## TRY IT:
From the records below, please print only the lines from the one containing "Автограф полной таблицы" through the one containing "Black empty room", both included. Skip the pictures.
-- DATA LISTING follows --
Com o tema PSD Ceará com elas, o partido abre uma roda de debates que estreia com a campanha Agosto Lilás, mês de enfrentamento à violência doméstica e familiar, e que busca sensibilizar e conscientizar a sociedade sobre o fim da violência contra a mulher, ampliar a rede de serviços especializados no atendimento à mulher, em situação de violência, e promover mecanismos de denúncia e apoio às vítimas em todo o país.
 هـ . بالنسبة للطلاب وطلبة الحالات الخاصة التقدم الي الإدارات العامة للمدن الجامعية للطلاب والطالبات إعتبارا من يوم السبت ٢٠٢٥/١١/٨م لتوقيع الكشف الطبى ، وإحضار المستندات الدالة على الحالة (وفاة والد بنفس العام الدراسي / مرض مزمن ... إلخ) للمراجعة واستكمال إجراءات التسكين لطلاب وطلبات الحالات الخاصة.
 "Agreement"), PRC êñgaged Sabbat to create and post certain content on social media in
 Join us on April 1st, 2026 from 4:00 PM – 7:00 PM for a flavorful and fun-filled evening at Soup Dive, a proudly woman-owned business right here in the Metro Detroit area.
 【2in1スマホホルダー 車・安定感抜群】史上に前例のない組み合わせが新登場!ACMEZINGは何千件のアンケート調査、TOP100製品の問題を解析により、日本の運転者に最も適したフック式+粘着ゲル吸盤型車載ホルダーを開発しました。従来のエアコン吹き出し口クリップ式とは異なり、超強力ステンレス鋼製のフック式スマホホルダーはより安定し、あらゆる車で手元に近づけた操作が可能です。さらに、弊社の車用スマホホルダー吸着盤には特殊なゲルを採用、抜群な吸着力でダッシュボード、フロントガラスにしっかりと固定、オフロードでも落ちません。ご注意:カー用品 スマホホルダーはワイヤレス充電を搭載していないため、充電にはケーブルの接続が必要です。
-- DATA LISTING concluded --
-- DATA LISTING follows --
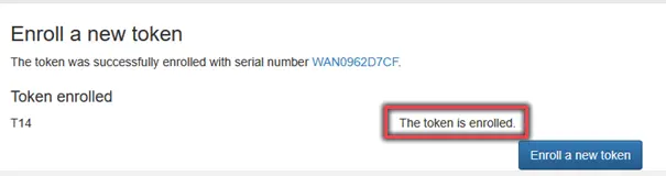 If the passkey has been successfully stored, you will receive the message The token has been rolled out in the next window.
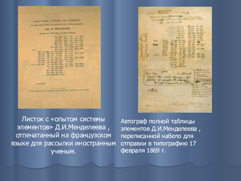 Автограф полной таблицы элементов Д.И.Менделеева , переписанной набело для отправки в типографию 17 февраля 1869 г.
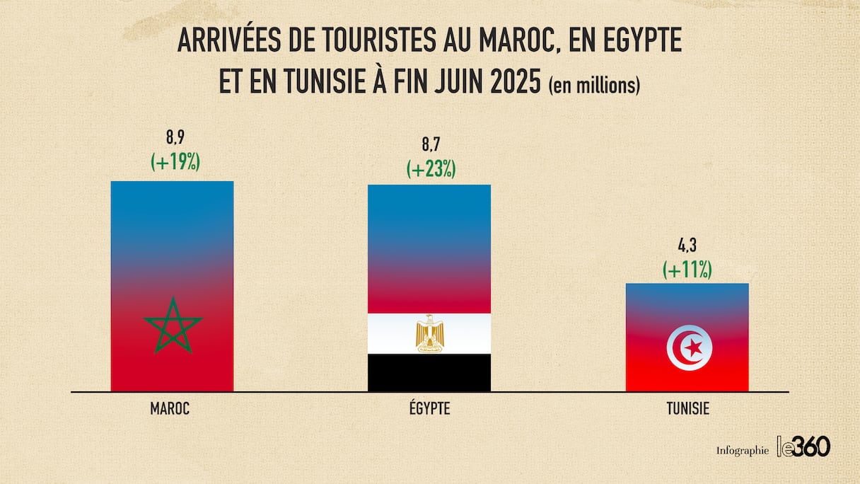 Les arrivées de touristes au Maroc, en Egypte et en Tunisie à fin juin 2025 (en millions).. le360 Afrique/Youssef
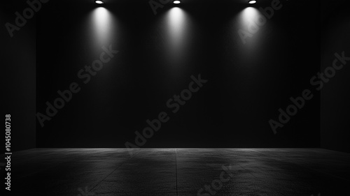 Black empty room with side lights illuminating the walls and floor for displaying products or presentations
-- DATA LISTING concluded --
-- DATA LISTING follows --
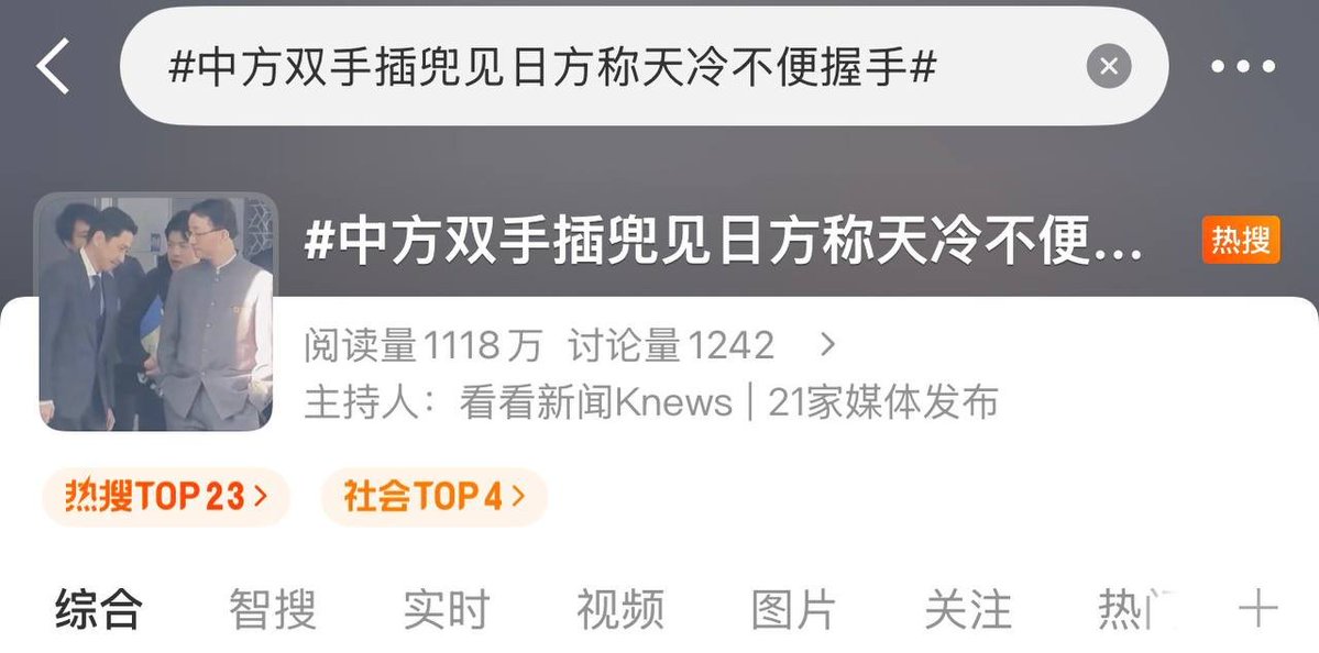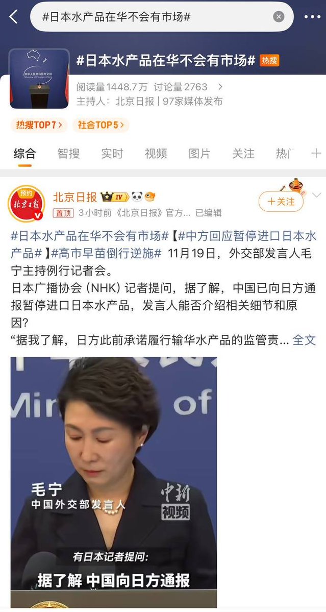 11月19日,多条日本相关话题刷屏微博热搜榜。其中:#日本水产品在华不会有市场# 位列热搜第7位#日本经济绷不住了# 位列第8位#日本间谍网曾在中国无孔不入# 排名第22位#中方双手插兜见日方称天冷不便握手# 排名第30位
-- DATA LISTING concluded --
## SOLUTION TO THIS TASK:
 Автограф полной таблицы элементов Д.И.Менделеева , переписанной набело для отправки в типографию 17 февраля 1869 г.
 Les arrivées de touristes au Maroc, en Egypte et en Tunisie à fin juin 2025 (en millions).. le360 Afrique/Youssef
 Black empty room with side lights illuminating the walls and floor for displaying products or presentations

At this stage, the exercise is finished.